9x+5greater than or equal to -40 or 7x+3greater than or equal to -11

solve and graph

I got the answer of x greater than or equal -5 or x is greater than or equal to -2 as the solution to this equations, but how do i put this into a soltuion set the way that they want it set up is {x|x greather than or equal to __________}
How do i fill in this blank when i have two different answers

To solve and graph the inequalities, let's solve each inequality individually.

1. 9x + 5 >= -40:
Subtract 5 from both sides:
9x >= -40 - 5
9x >= -45
Divide both sides by 9 (since the coefficient of x is 9, we divide both sides by 9 to isolate x):
x >= -45/9
x >= -5

2. 7x + 3 >= -11:
Subtract 3 from both sides:
7x >= -11 - 3
7x >= -14
Divide both sides by 7 (since the coefficient of x is 7, we divide both sides by 7 to isolate x):
x >= -14/7
x >= -2

Now that we have the solutions for both inequalities, we need to find the intersection of the two solution sets.

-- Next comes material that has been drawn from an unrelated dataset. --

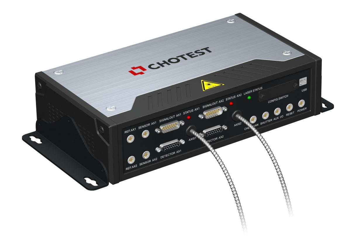 激光发射装置内置高稳定度氦氖激光光源,稳频精度0.05ppm(可选0.02ppm)。通过铠装光纤将激光传导至干涉测量探头,实现热源与测量探头隔离。激光发射装置内置高精度信号处理系统,可直接输出用户可配置分辨率的实时RS422数字正交信号和正交模拟信号,还可通过USB-SDK进行二次开发。

Since both inequalities have the "greater than or equal to" symbol, the common solution set is the set of values that satisfy both conditions.

In this case, the common solution set is x >= -2.

This means that any value of x that is greater than or equal to -2 will satisfy both inequalities.

To write it in the solution set notation {x | x >= ________}, you can fill in the blank with -2:

{x | x >= -2}

To find the solution set in the desired format, you need to determine the common interval where both inequalities hold true.

The first inequality is 9x + 5 ≥ -40, which can be rewritten as:

9x ≥ -45
x ≥ -45/9
x ≥ -5

The second inequality is 7x + 3 ≥ -11, which can be rewritten as:

7x ≥ -14
x ≥ -14/7
x ≥ -2

To find the intersection of these two intervals, we need to find the larger value between -5 and -2. In this case, the larger value is -2.

Therefore, the solution set is {x | x ≥ -2}.